* **Exercise objective**
Look below for the line that contains "マイクロスコープを使用するこ", then copy it and each following line to the end of the records, minus any pictures.

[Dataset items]
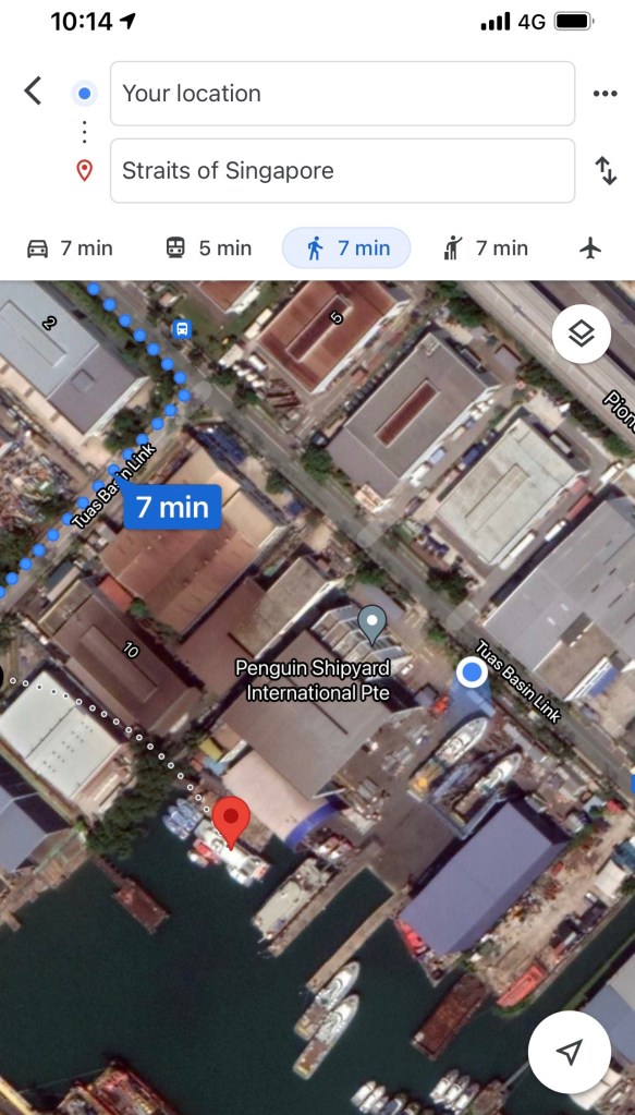 On the 9th August Jane Bi and I went out hunting for coordinate #81. Jane is a Data Scienctist and I am very excited to collect data with her. The coordinate is located near Tuas Cresent on the seaside. On Google Maps the red marker was sitting on a boat or yacht.
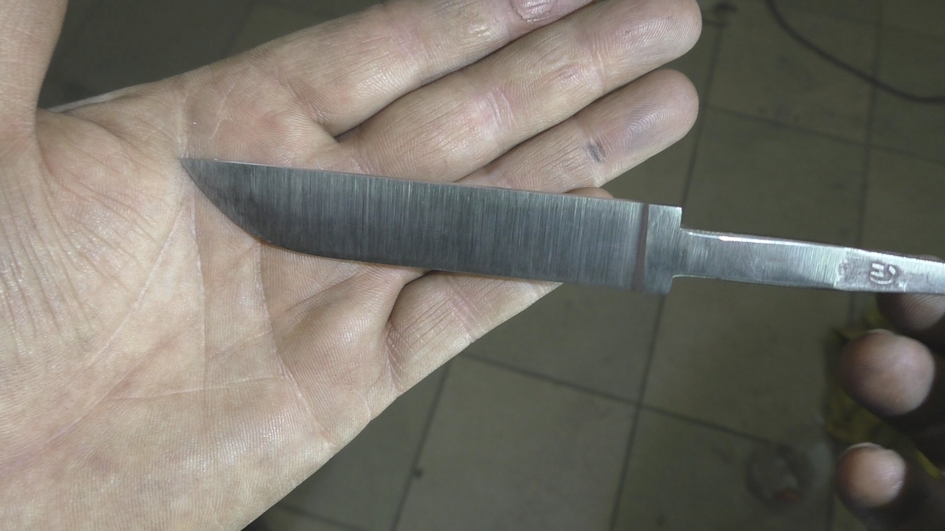 После обжига заготовка становится податливой. Её фиксируют в тисках и с помощью ножовки по металлу или на точильном станке удаляют лишние части, формируя профиль будущего клинка. Также на этом этапе сверлятся отверстия под заклёпки для рукояти.
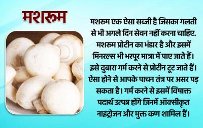 मशरूम एक ऐसा सब्जी है जिसका गलती से भी अगले दिन सेवन नहीं करना चाहिए. मशरूम प्रोटीन का भंडार है और इसमें मिनरल्स भी भरपूर मात्रा में पाए जाते हैं। इसे दुबारा गर्म करने से प्रोटीन टूट जाते हैं। ऐसा होने से आपके पाचन तंत्र पर असर पड़ सकता है। गर्म करने से इसमें विषाक्त पदार्थ उत्पन्न होंगे जिनमें ऑक्सीकृत नाइट्रोजन और मुक्त कण शामिल हैं।
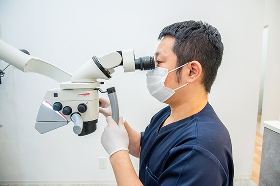 マイクロスコープを使用することで、複雑に入り組んだ根管の内部を観察することが可能です。それにより、病巣を詳細に確認することができるため、肉眼では見えない病巣の取り残しを防ぐことが可能です。また、健康な部位を傷つけることなく治療可能なため、負担をできるだけ抑えることができます。
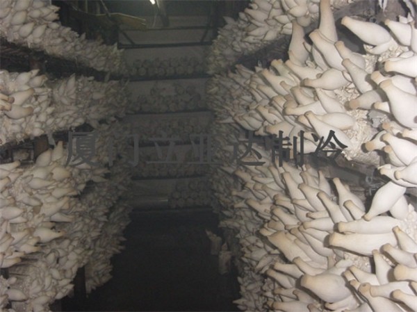 每间菇房配置一套5-8HP的制冷系统。通常制冷机组主机安装在走廊或者室外,若是风冷机组主机也可安装在屋顶上。菇房内靠近走廊侧上方安装一台专用冷风机,其不同于冷库用的冷风机,确保出风均匀柔和不伤及菇体。
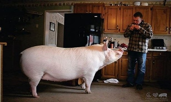 Một cặp vợ chồng ở Ontario Canada đã nuôi nấng con loặn nặng 300kg như thú cưng trong nhà. Con heo này năm nay 4 tuổi và to hơn cả một con gấu Bắc Cực trưởng thành. Chú heo sống cũng rất hòa thuận với con người cũng như con vật khác trong nhà.
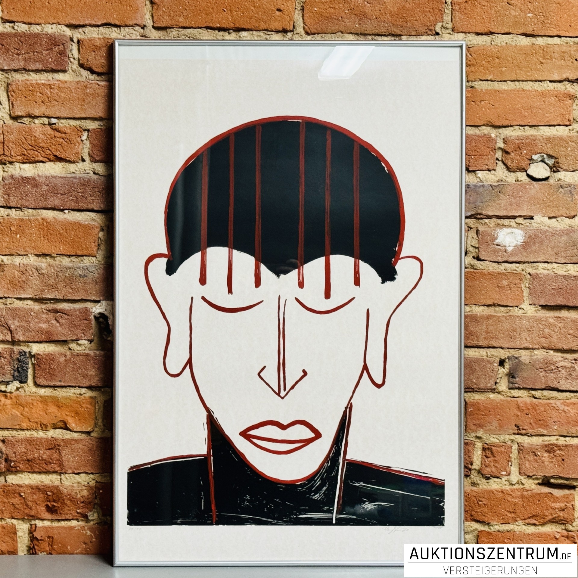 Farbdruck auf Papier, im Aluminiumrahmen gerahmt. Das Werk zeigt ein reduziertes, grafisch gestaltetes Portrait mit klaren Linien und kontrastreicher Farbgebung.

* **Written response**
 マイクロスコープを使用することで、複雑に入り組んだ根管の内部を観察することが可能です。それにより、病巣を詳細に確認することができるため、肉眼では見えない病巣の取り残しを防ぐことが可能です。また、健康な部位を傷つけることなく治療可能なため、負担をできるだけ抑えることができます。
 每间菇房配置一套5-8HP的制冷系统。通常制冷机组主机安装在走廊或者室外,若是风冷机组主机也可安装在屋顶上。菇房内靠近走廊侧上方安装一台专用冷风机,其不同于冷库用的冷风机,确保出风均匀柔和不伤及菇体。
 Một cặp vợ chồng ở Ontario Canada đã nuôi nấng con loặn nặng 300kg như thú cưng trong nhà. Con heo này năm nay 4 tuổi và to hơn cả một con gấu Bắc Cực trưởng thành. Chú heo sống cũng rất hòa thuận với con người cũng như con vật khác trong nhà.
 Farbdruck auf Papier, im Aluminiumrahmen gerahmt. Das Werk zeigt ein reduziertes, grafisch gestaltetes Portrait mit klaren Linien und kontrastreicher Farbgebung.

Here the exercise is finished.